EXERCISE PROMPT -
Print the data below again in full, exactly as it stands, with no images.

SOURCE MATERIAL -

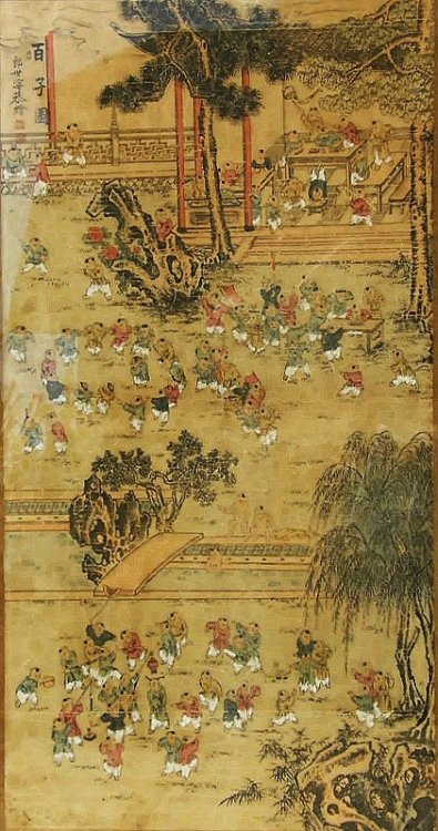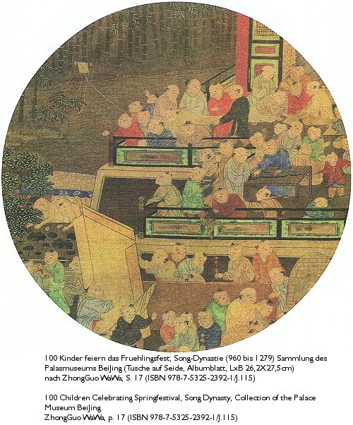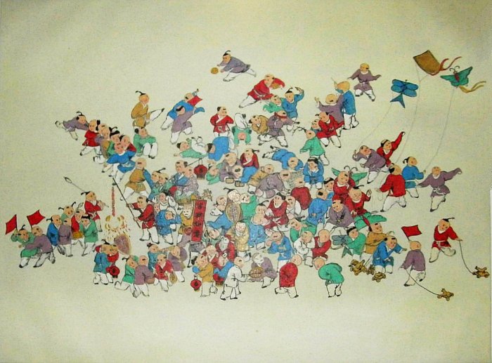 Bai Zi (100 Kinder) (Oelbild / oil painting) 120 X 90cm 2009 Hui Dan (ShenZhen) (nach einer klassischen Vorlage aus dem Buch 'Treasured Album of China') (from a classical template from the book 'Treasured Album of China') |
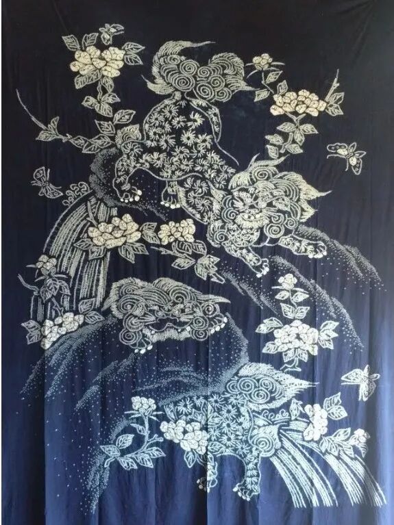 在张翔家楼上展厅,悬挂着的《麒麟图》,是爷爷、父亲一起设计,由母亲、张翔和一位阿姨一起扎花染成。整幅作品细腻生动,富于变化,是不可多得的传世之作。当时,一共扎染了三件,卖给美国客人一件,作为展览送给璞真扎染博物馆一件,自留一件。
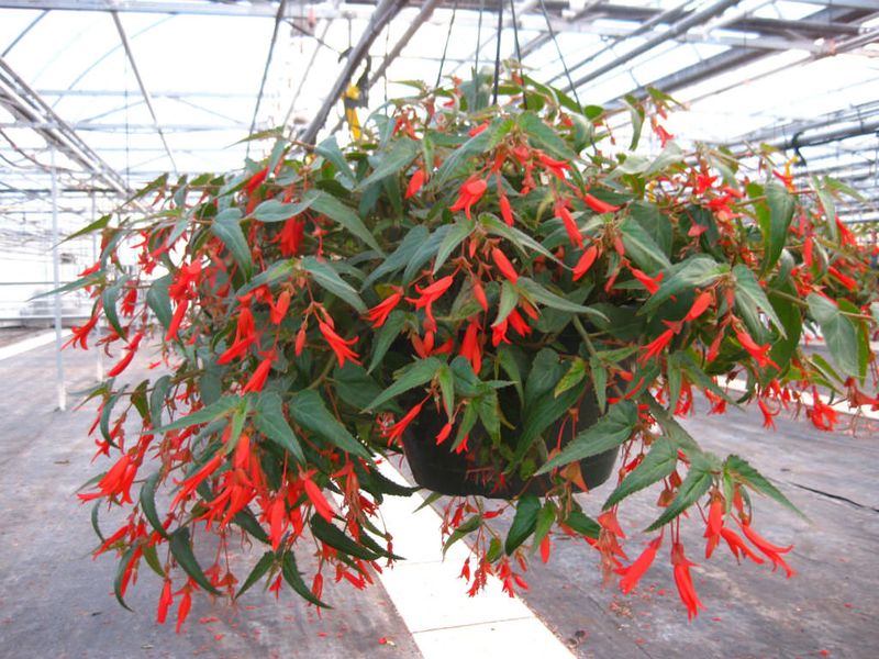 With its vivid orange-red blossoms, the Begonia ‘Bonfire’ brings a fiery touch to any hanging basket. This begonia thrives when kissed by filtered sunlight, creating a stunning waterfall of color. Its lush blooms contrast beautifully against its deep green foliage, providing a striking visual treat.

EXERCISE OUTPUT -
 Bai Zi (100 Kinder) (Oelbild / oil painting) 120 X 90cm 2009 Hui Dan (ShenZhen) (nach einer klassischen Vorlage aus dem Buch 'Treasured Album of China') (from a classical template from the book 'Treasured Album of China') |
 在张翔家楼上展厅,悬挂着的《麒麟图》,是爷爷、父亲一起设计,由母亲、张翔和一位阿姨一起扎花染成。整幅作品细腻生动,富于变化,是不可多得的传世之作。当时,一共扎染了三件,卖给美国客人一件,作为展览送给璞真扎染博物馆一件,自留一件。
 With its vivid orange-red blossoms, the Begonia ‘Bonfire’ brings a fiery touch to any hanging basket. This begonia thrives when kissed by filtered sunlight, creating a stunning waterfall of color. Its lush blooms contrast beautifully against its deep green foliage, providing a striking visual treat.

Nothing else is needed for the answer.